大津地検へ送検される小林久美子被告 ©共同通信社

 また、死因に直結することだが、岡田さんは腹膜炎を起こしており、十二指腸が破れていた。「潰瘍だけでも相当痛いが、粘膜を破って穴が開く状態になれば、必ず緊急手術を受けなければならない。これを十二指腸穿孔と言いますが、放っておいたらまず亡くなる」と述べた。
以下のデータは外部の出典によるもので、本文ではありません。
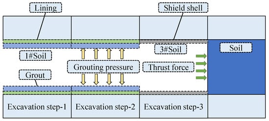 In the simulation of the tunnel excavation, an excavation step was set as twice the duct piece width (2.4 m). The simulation of soil excavation, shield tunnelling, segment installation and synchronous grouting were realized via the element birth–death method; the excavation simulation diagram is shown in Figure 8. The detailed process is as follows:

 つまり、岡田さんは激しい低栄養状態から、臓器に栄養が行き渡らなくなり、傷を治すためには栄養が必要なのに、それがないために免疫力がどんどん低下していった。岡田さんの解剖所見には「加害行為を受けないと損傷されない傷ばかりで、日常的に暴行を受けていたと考えられる。暴行と食事を摂取できていないことの2点に行き着く」と書かれていた。

 それでも小林被告は解剖医の所見を能面のような顔で聞いていただけだった。